Vi, uma vez, na praça de táxi do Roque Santeiro, um taxista cujo carro tinha perdido os travões e que foi embater contra a barraca de uma vendedora. O motorista abandonou o carro, e fugiu, mas foi detido pelos populares. Comprovou-se depois, que a vendedora da tal bancada envolvida no acidente não estava morta. E assim o taxista foi solto. Tenho a certeza de que o taxista não tinha saído vivo daquele local se tivesse morto a senhora. Justiça popular, ou olho por olho, é um fenómeno que não é estranho a quem tem vivido em Luanda nos últimos 20 anos.
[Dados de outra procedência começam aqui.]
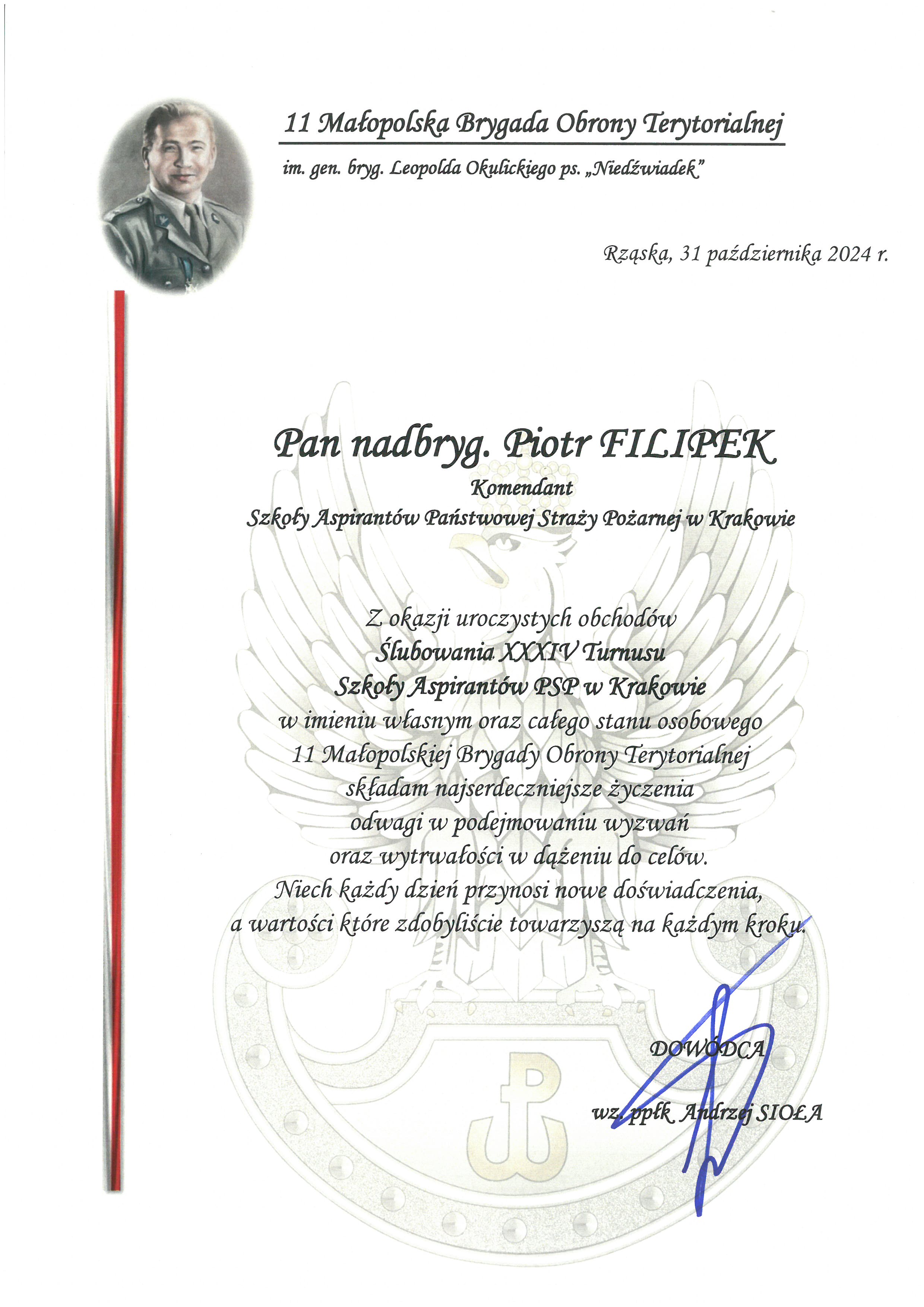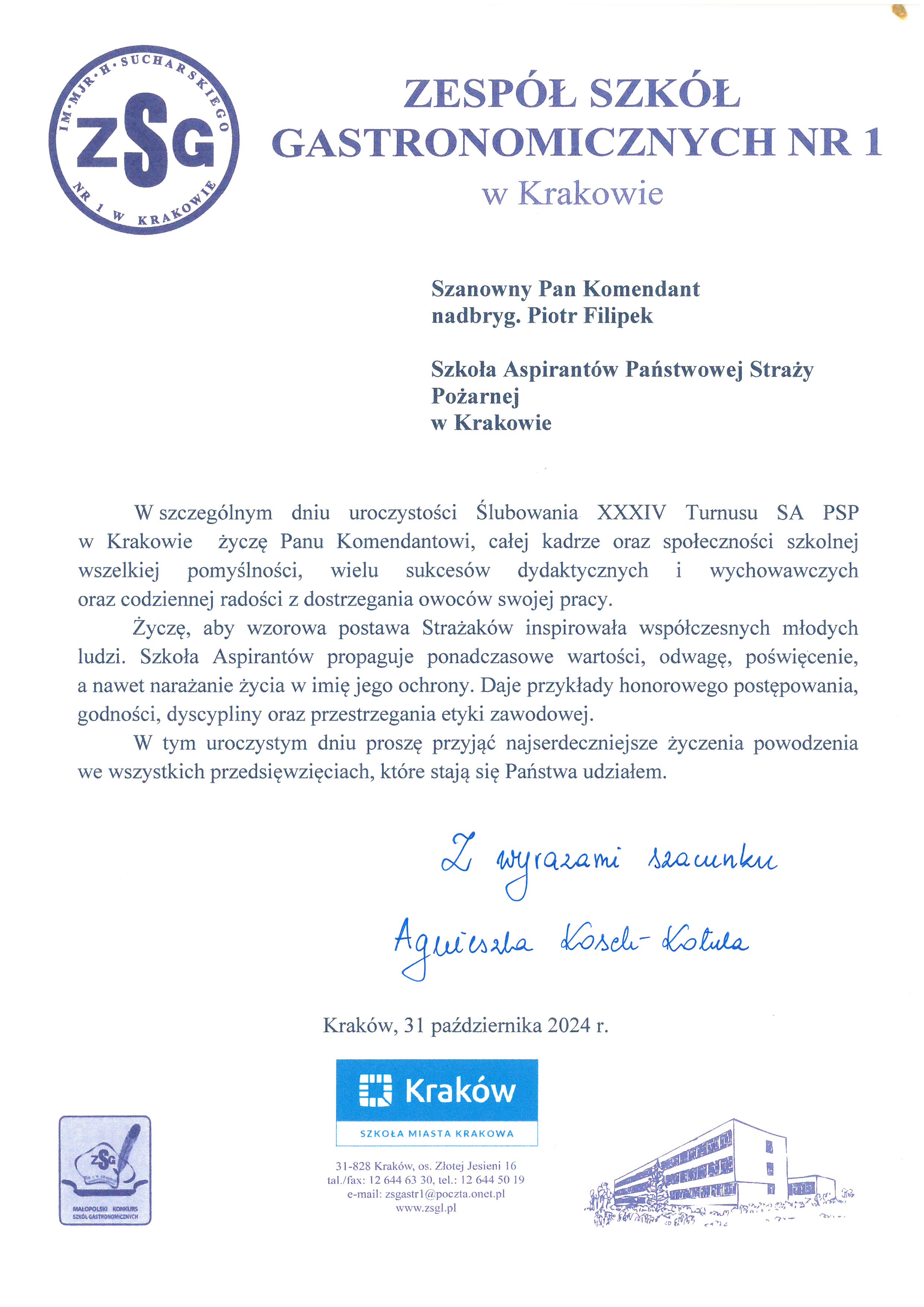 Wszystkim bohaterom dzisiejszego święta życzymy spełnienia, nie tylko edukacyjnych i zawodowych marzeń. Dziękujemy, że w dobie koncentrowania się znacznej części społeczeństwa jedynie na własnych potrzebach, zdecydowaliście się podjąć służbę. To zasługuje na ogromny szacunek i uznanie, który każdy z Was zakładając strażacki mundur dostaje niczym kredyt. Tylko od Was zależy, w jaki sposób napiszecie dalszą historię swojego życia i naszej formacji.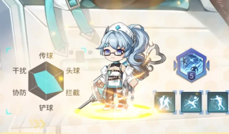 南丁格尔:防守核心兼全能角色。战斗开始全属性自动提5%。防守状态下释放核心技能“幻影拦截”,在持球对手身边生成三道幻影干扰;拦截成功即刻反击,全队攻击力升10%。三人同时上场激活额外羁绊,全面强化传球与干扰能力。

Neste caso, a causa é evidente, e a justiça pode ser feita porque há um culpado. Mas quando a causa não é evidente, é preciso ligar dois fenómenos: por um lado a morte, por outro, o causador da morte, e assim surge a feitiçaria, que, neste caso, é mais um sistema de explicação. Ou mais uma forma de lidar com o inexplicável. Porque uma coisa é feitiço existir, outra é feitiço funcionar. Ir ao feiticeiro e pedir a morte e alguém, depois constatar-se que esta pessoa morreu, não significa que esta pessoa tenha morrido de feitiço. Apenas explica que alguém foi ao feiticeiro e que outra pessoa morreu.

É destas questões, culpa e feitiçaria que originam muito provavelmente a solidariedade que existe à volta dos óbitos e funerais. Porque esta solidariedade tem também o seu quê de cosmológico. Porque a morte justifica a suspensão da ordem social. O luto, a que a família e o ente dos mortos se recolhem, abre um tempo fora do tempo. Ou seja, o luto abre um momento extraordinário, de excepção, em que as pessoas, em nome desta solidariedade, em nome deste sentir bem ao lado dos próximos, têm aval para fazer coisas extraordinárias.

E o Estado joga aí, e sempre jogou, um papel crucial. Ou seja, as praticas dos óbitos em Angola foram-se moldando na relação entre o Estado e a sociedade. Há quem diga que a solidariedade dos funerais tem que ver com a tradição, mas a tradição nunca é uma realidade imutável. Os óbitos foram-se adaptando quer a certas praticas impostas pelo Estado, como o recolher obrigatório, que obrigava as pessoas a pernoitar no velório, quer a natureza paternalista do Estado socialista. Era não só o Estado que permitia aos trabalhadores gozar semanas, senão meses, de licença em caso de morte de um próximo, como havia também mecanismos, como as requisições de peixe, e cerveja, que o trabalhador tinha de manipular para alimentar as pessoas no seu funeral.

Subjacente ao óbito, está, mostrar aos mortos um respeito e uma reverência, que, muitas vezes, nunca mereceram enquanto foram vivos. É bem provável, porém, que este respeito, ou esta reverência, nada têm que ver com o morto em si, mas com a ideia da morte, e o que isso produz no contexto do equilíbrio de determinado grupo, ou rede social. Ou isso pode ainda indicar, talvez, que aos respeitarmos os nossos mortos, estamos a declara a forma como desejamos que a nossa memória seja tratada, quando um dia já não fizermos parte deste mundo.